Cluster Coordination Architecture
Cluster coordination architecture describes the set of services and protocols that allow multiple nodes in a distributed system to agree on shared state — including cluster membership, configuration, distributed locks, and leader identity — providing a consistent foundation for higher-level applications.
Cluster coordination architecture describes the set of services and protocols that allow multiple nodes in a distributed system to agree on shared state — including cluster membership, configuration, distributed locks, and leader identity — providing a consistent foundation for higher-level applications.
Coordination is hard because it requires strong consistency in the face of network partitions and node failures. Systems that need cluster coordination typically rely on a dedicated coordination service (ZooKeeper, etcd, Consul) backed by a consensus algorithm like Raft to guarantee linearizability.
Coordination Service: The coordination service (e.g., etcd) runs as a small cluster of 3 or 5 nodes. Its own internal consensus guarantees that writes are durable and reads are linearizable. Application services talk to this cluster through a client library, watching keys for changes with low-latency push notifications.

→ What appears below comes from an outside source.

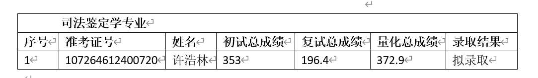因招生计划调整,经学院研究生招生复试领导小组研究决定并报研究生院审核,按照量化总成绩补录司法鉴定学专业硕士研究生一名(具体名单见附件)。公示期:公布之日起10个工作日。如有异议,请于公示期内以书面形式报第一版主 教务办(长安校区天平楼B座一层111办公室),逾期不予受理。

Distributed Locking: Services that need mutual exclusion (e.g., only one instance should run a migration at a time) acquire a lease from the coordination service. The lease is associated with a time-to-live (TTL); if the holder crashes, the lock expires automatically. A fencing token (monotonically increasing version number) prevents a slow lock holder from corrupting data after the lease expires. See Distributed Locking for the full protocol.
Service Discovery and Configuration: Workers register their address and health status in the coordination service. Clients watch these registrations and update their routing tables when workers join or leave. Global configuration values (feature flags, rate limits) are also stored here, enabling zero-downtime configuration changes pushed to all instances simultaneously.
Leader Election in Applications: Application-level leader election (distinct from the coordination service's internal election) is implemented by multiple instances competing to create the same key with a TTL. The instance that creates the key first wins; others watch the key and take over if it disappears. Compare with Leader Election Algorithm for the lower-level Raft-based mechanism.